If you live in an apartment that was built ages ago, you may be keen to re-develop and upgrade to a brand new one. But a lot of work is needed to turn this dream into reality.

The land associated with your apartment complex is jointly owned by many occupants. You therefore need consent from all the home-owners in the complex to proceed with the rebuilding. Home owners will need to jointly agree on amenities and financial terms they require. This includes the carpet area offered to each owner, any compensation paid for relocation, rent during the construction period and any extras, such as woodwork which are part of the deal.

Selecting a developer

But zeroing in on the right developer is the most difficult part of the deal. If office bearers in the housing society and home owners want to research market rates and regulations before hiring a developer, they may consider engaging a project management consultant. Consulting fees usually average around ₹200 per sq ft, but may vary based on their reputation and scope of work. The society can invite bids by placing an ad or reaching out to developers.

Different developers may offer different terms. For instance, there may be a choice between an offer for higher carpet area and another with higher monetary compensation. Developers may also throw in perks such as helping to pay-off loans outstanding. There may be differences in the way the deal is structured too. For instance, developers may offer to buy the society’s entire land holding to cover construction costs. In such cases, the land is not divided between the home owners and the developer in a particular ratio, but the transfer of land ownership happens right away. This may have an implication on tax liabilities though.

Hitesh Salian, Vice-President, Square Yards Consultancy, a real estate advisory firm, says that due diligence on the developer is important. He says that you must ensure that the developer has a strong balance sheet to arrange for funds and complete the project even if the market is in a downturn.

You can assess this indirectly based on the projects currently under construction, their sale status and sources of funds, besides directly asking for the financials filed annually.

Ramesh Nair, COO – Business and International Director, JLL India, advises that qualitative aspects of the developer, such as past experience and track record in redevelopment, must not be overlooked. The connections the developer has in obtaining approvals and getting local contractors could have a bearing on completion. Doing a reference check of at least two or three other societies where the developer has constructed and delivered projects would be prudent.

Double-check contract terms

After selecting a developer, a construction contract must be signed with the developer. It is best to spell out all the terms, including amenities the timeline for completion and penalties for delays. The exit clause is an important aspect as well. For example, most contracts typically only state that the home owners can walk out if the developer did not complete the project on time. But there may be other reasons, such as poor quality or change of plans, that may prompt the owners to consider quitting too.

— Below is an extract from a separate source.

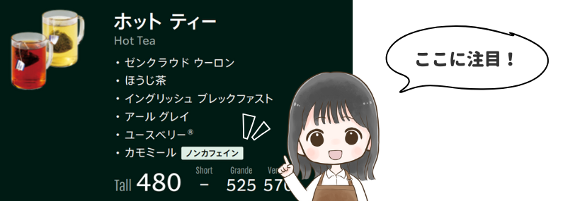 メニューに「ノンカフェイン」のマークが記載されています。
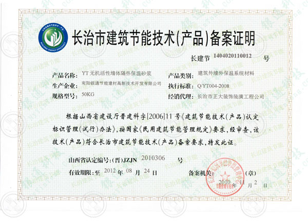 山西長(zhǎng)治市建筑節(jié)能技術(shù)產(chǎn)品備案證明 長(zhǎng)建節(jié) 1404020110012號(hào) 產(chǎn)品名稱yt無機(jī)活性墻體隔熱保溫砂漿 產(chǎn)品類型 建筑外墻外保溫系統(tǒng)材料 生產(chǎn)企業(yè) 南陽銀通節(jié)能建材高薪技術(shù)開發(fā)有限公司 執(zhí)行標(biāo)準(zhǔn) Q/YT2004-2008規(guī)格型號(hào) 50KG 根據(jù)山西省建設(shè)廳晉建科字【2006】11號(hào)建筑節(jié)能技術(shù)產(chǎn)品認(rèn)定標(biāo)識(shí)管理試行方法,按國(guó)家民用建筑節(jié)能管理規(guī)定要求,經(jīng)審查 該技術(shù)產(chǎn)品符合長(zhǎng)治市建筑節(jié)能技術(shù)產(chǎn)品備案要求 特發(fā)此證 山西省認(rèn)定編號(hào) 晉JZJN2010306號(hào) 有效期限至2012年08月24日 備案機(jī)關(guān) 長(zhǎng)治市建筑節(jié)能產(chǎn)品管理中心

Nair says that the development agreement must incorporate all the standard clauses that safeguard the society and its members. In Maharashtra for example, the Co-operatives Act specifies items to be included in the agreement, such as a bank guarantee from the developer for the equivalent of 20 per cent of the total project cost and not ‘selling’ the agreement to another developer.

In a redevelopment, remember, you are making the entire payment upfront (by way of giving up your share of the land). Therefore you must ensure that the contract mentions a completion timeframe and the recourse if these are not met.